Emsal Mahkeme Kararı İstanbul Bölge Adliye Mahkemesi 13. Hukuk Dairesi 2021/2169 E. 2021/1790 K. 08.12.2021 T.

Görüntülediğiniz mahkeme kararı kesinleşmiş bir karardır.

T.C.
İSTANBUL
BÖLGE ADLİYE MAHKEMESİ
13. HUKUK DAİRESİ
DOSYA NO: 2021/2169 Esas
KARAR NO: 2021/1790 Karar
T Ü R K M İ L L E T İ A D I N A
B Ö L G E A D L İ Y E M A H K E M E S İ K A R A R I
İNCELENEN KARARIN
MAHKEMESİ: İSTANBUL 14. ASLİYE TİCARET MAHKEMESİ
TARİHİ: 21/09/2021 Tarihli Ara Karar
NUMARASI: 2021/589 Esas
DAVANIN KONUSU: Ticari Şirket (Ortaklıktan Çıkma Veya Çıkarılmaya İlişkin)
KARAR TARİHİ: 08/12/2021
İlk derece Mahkemesinde yapılan inceleme sonucunda verilen karara karşı istinaf kanun yoluna başvurulmuş olmakla dava dosyası incelendi:
TARAFIN İDDİASININ ÖZETİ: Davacı vekili dava dilekçesi ile,müvekkillerinin davalı şirketin ortağı olduğunu, dava dışı ortak …’ın, münferit yetki ile donatılmış müdür olup, müvekkillerinin şirketin faaliyetleri hakkında bilgilendirilmediğini, müvekkillerinin tüm iletişim çabalarının sonuçsuz kaldığını, ortaklığın sağlıklı seyri açısından gerekli olan güven duygusunun, davacı müvekkilleri ve diğer ortak olan şirket müdürü arasında kalmadığını, müvekkillerine kar payının verilmediğini, defter ve belgelerin incelenmesine müsaade edilmediğini, bu haklı sebeplerle şirketten çıkmak istediklerini, ortaklık ilişkisi müvekkilleri için dayanılmaz bir hal aldığını, şirketin dava dışı ortağı ve müdürü ile müvekkillerinin yaşadıklarının adli makamlara da yansıdığını, bir çok hukuki uyuşmazlık bulunduğunu, bu sebeplerle ortaklık ilişkisinin sürdürülemeyeceğinin açık olduğunu, işbu nedenlerle müvekkillerinin ayrılma akçesi ve kar paylarına ilişkin talep hakları saklı kalmak kaydıyla, öncelikle tedbir mahiyetinde olmak üzere dava süresince müvekkillerin ortaklıktan kaynaklanan tüm hak ve borçlarının dondurulmasına/durdurulmasına karar verilmesini, müvekkillerinin davalı şirket ortaklığından çıkmasını, yargılama giderleri ve vekalet ücretinin davalı tarafa yükletilmesine karar verilmesini talep ve dava etmiştir.

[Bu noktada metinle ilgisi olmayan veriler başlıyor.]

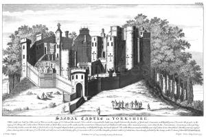Vesta Monumenta. 1753. Plate 2.11. Sandal Castle [Map]. Engraving by George Vertue (age 69) after a drawing originally produced for a survey of the properties of the Duchy of Lancaster conducted by the Chancellor of the Duchy, Ambrose Cave, in 1561.
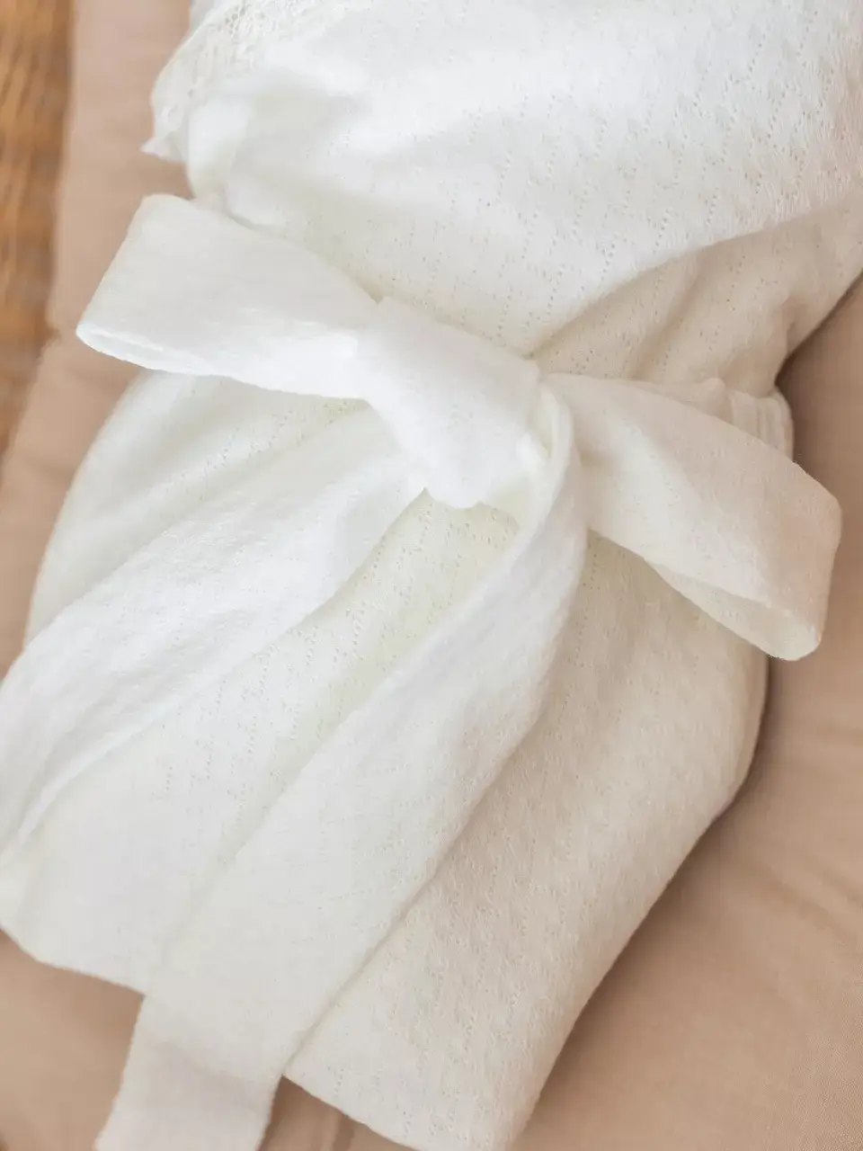 Благодаря нежным, стильным оттенкам такой комплект можно использовать как подарок малышу и родителям на выписку новорождённого из роддома.
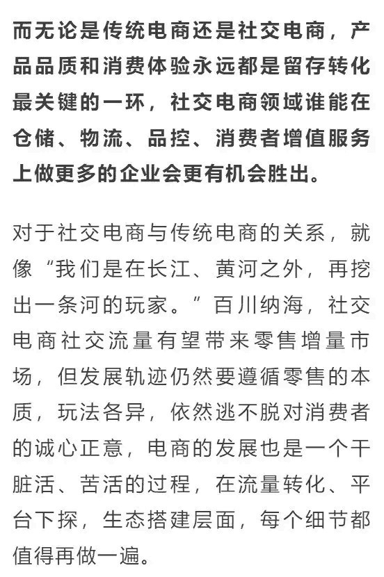 资本方看中的就是社交电商能够实现多样化的营销渠道,让产品能更加迅速为消费者所熟知,同时也为消费者提供更快捷、更便利的消费方式。
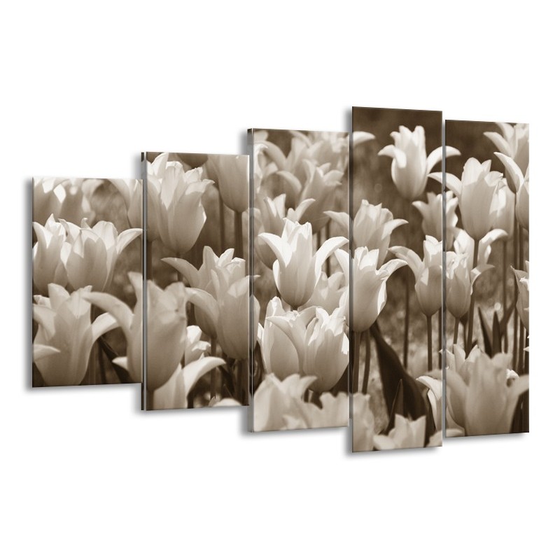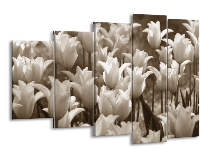 Canvas Schilderij Tulpen, Bloemen | Sepia | 150x100cm 5Luik
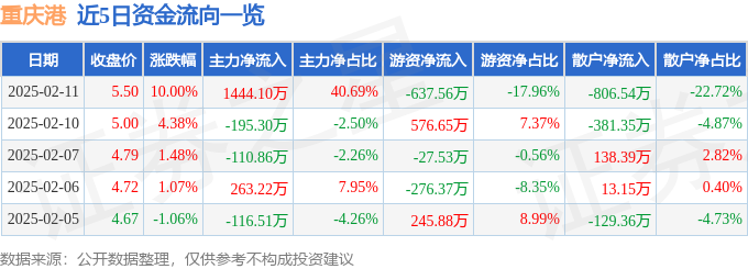 2月11日的资金流向数据方面,主力资金净流入1444.1万元,占总成交额40.69%,游资资金净流出637.56万元,占总成交额17.96%,散户资金净流出806.54万元,占总成交额22.72%。
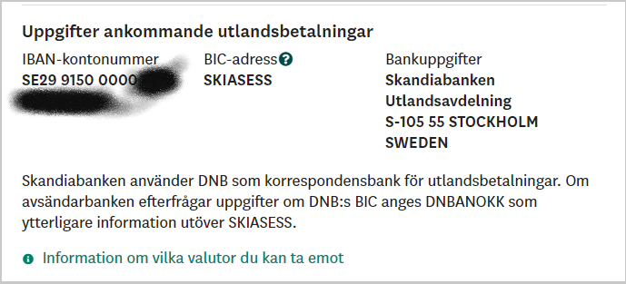 I mitt första mail svarade jag med denna information som jag hämtade från Skandiabanken, men nu efterfrågar dom clearingnummer, vilket är 9150 för Skandiabanken och sen 9-10 siffrors kontonummer vilket dom inte har.
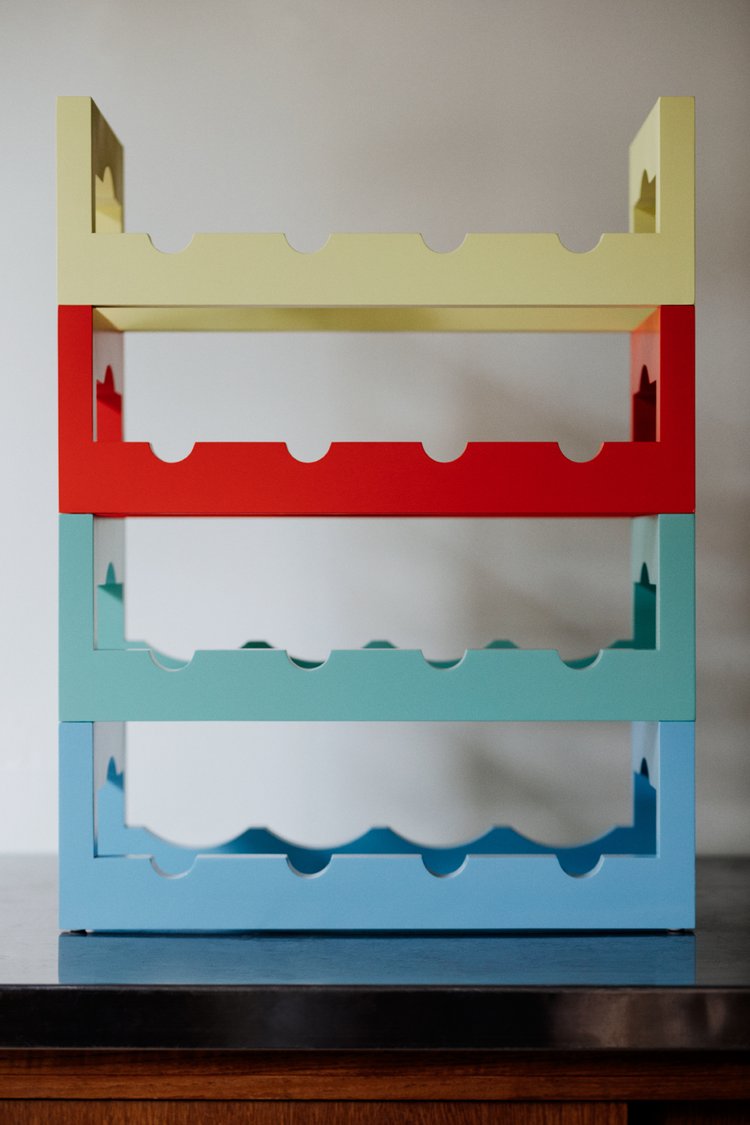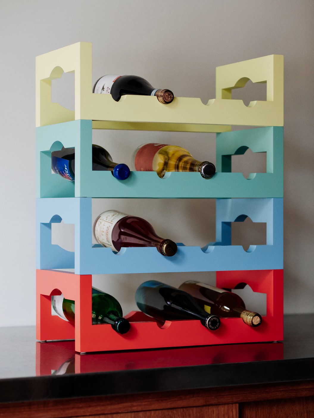 Esteriör har fått färgsätta vinställen i fyra unika färger som utgår från grundfärgerna som är fina var för sig men som också passar bra tillsammans, oavsett hur du vill kombinera dina vinställs-delar.
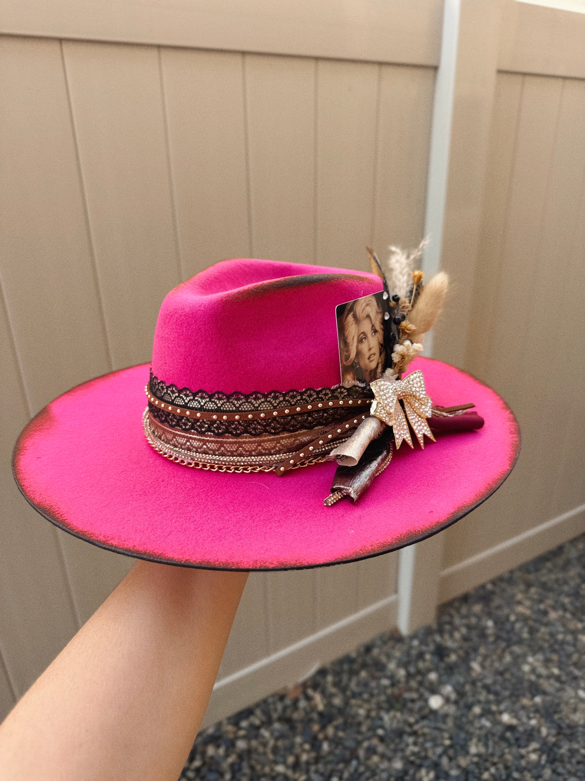 Turn heads and break hearts in The Jolene — a fiery hot-pink custom cowgirl hat that’s as bold as its namesake. Crafted by American Hat Makers in a size Medium (57 CM), this stunner is trimmed with layered lace, leather, and shimmered ribbon. A sparkling bow accent, dried florals, and a touch of Western grit around the brim bring it all together. Finished with a vintage Dolly-inspired detail, it’s the perfect mix of feminine glam and outlaw spirit. Whether you’re two-steppin’ at the honky-tonk or standing out at the rodeo, this hat makes sure nobody steals your spotlight.
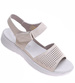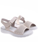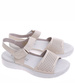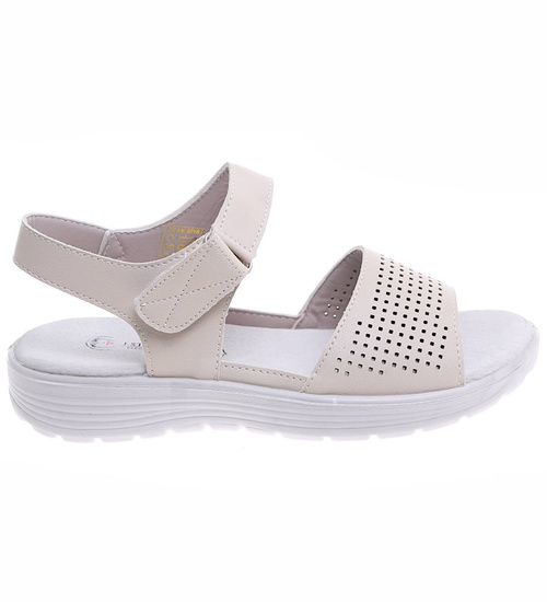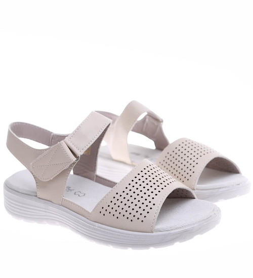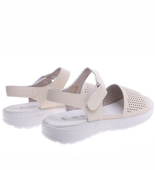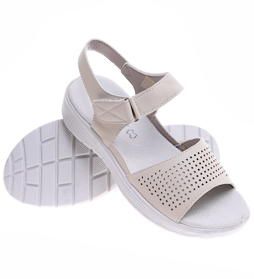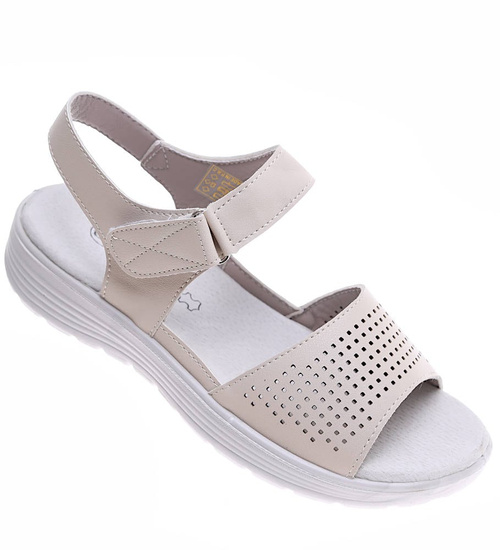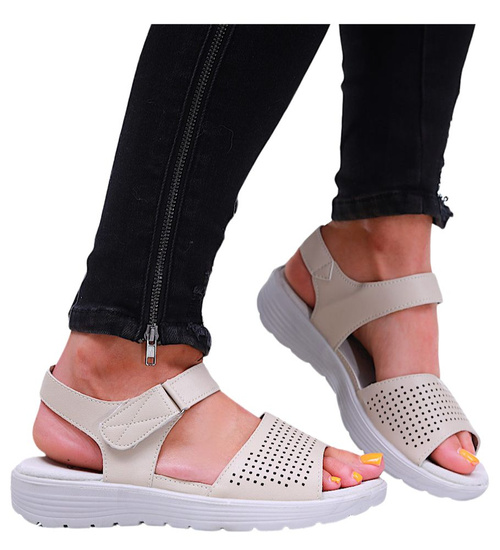 - Casualowe damskie sandały wykonane z miękkiej ekologicznej skórki w beżowym kolorze.
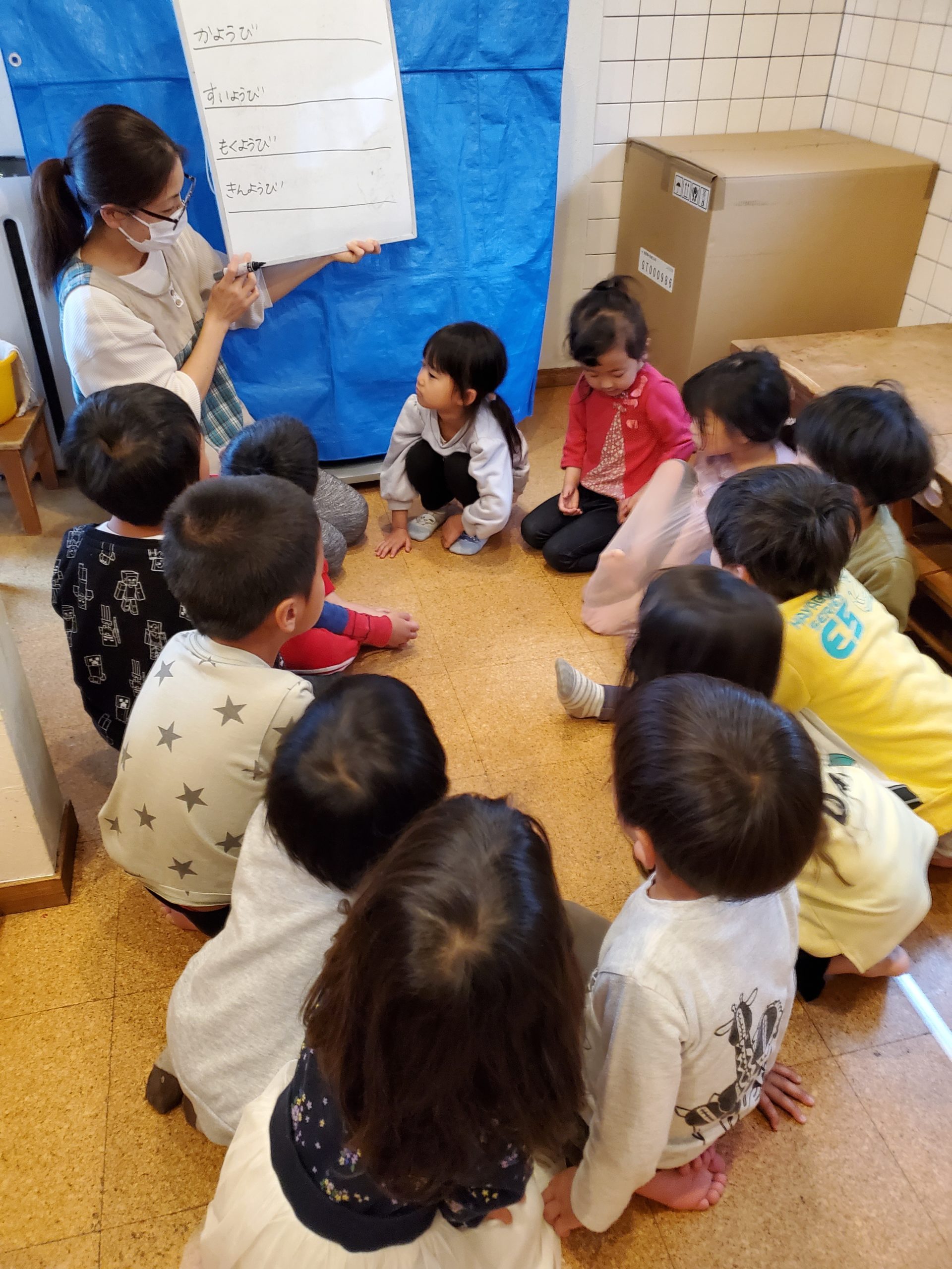 今日も外はあいにくの雨…☔ 週初めの暑さとは打って変わって今日は肌寒い一日でしたね。皆さん体調を崩さないように気を付けて行きましょうね! 今日は新年中さん年長さんになって初めてのプラン会議を行いました。大きい子として初の活動です!
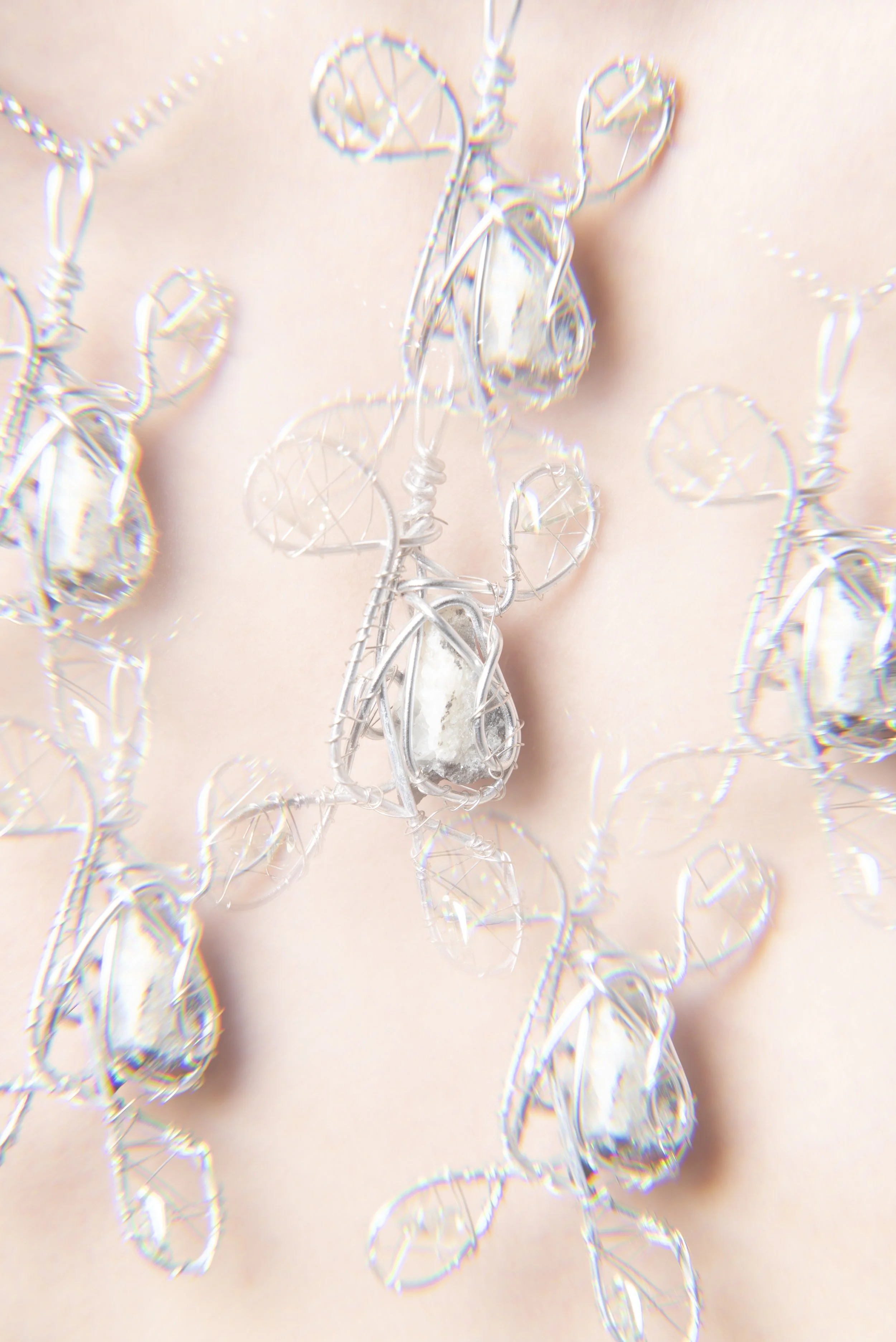 Een juwelenmerk dat getypeerd wordt door ijzerdraad, stenen en natuurlijke vormen en elementen.

İLK DERECE MAHKEMESİ ARA KARARININ ÖZETİ: İlk Derece Mahkemesi 21/09/2021 tarih ve 2021/589 Esas sayılı ara kararında; “…İhtiyati tedbire esas olan hakkın iyi belirlenmesi gerekir. Taraflar arasında çekişmeli olan şey veya yargılama konusunu oluşturan hak, aynı zamanda tedbirin konusu hakkı da oluşturacaktır. Kanun, “uyuşmazlık konusu hakkında” diyerek bu hususa vurgu yapmıştır (m. 389/1). Ancak, özellikle dikkat edilmesi gereken husus, diğer geçici hukuki korumaların alanına giren konularda ihtiyati tedbire karar verilmemesidir. Bu sebeple, para alacakları konusunda özel ve istisnai durumlar dışında asıl geçici hukuki koruma ihtiyati hacizdir. Keza, diğer özel hükümlerde açıkça farklı bir geçici hukuki korumadan bahsedilmişse, bu durumda da o çerçevede bir karar verilmeli, ihtiyati tedbir kararı verilmemelidir (Pekcanıtez/Atalay/Özekes, a.g.e., s. 877). Somut durumda dava dilekçesi incelendiğinde; bu hali ile yaklaşık ispat yerine getirilmediğinden …”gerekçesi ile, İhtiyati tedbir talebinin REDDİNE, karar verilmiş ve karara karşı davacılar vekili tarafından istinaf başvurusunda bulunulmuştur.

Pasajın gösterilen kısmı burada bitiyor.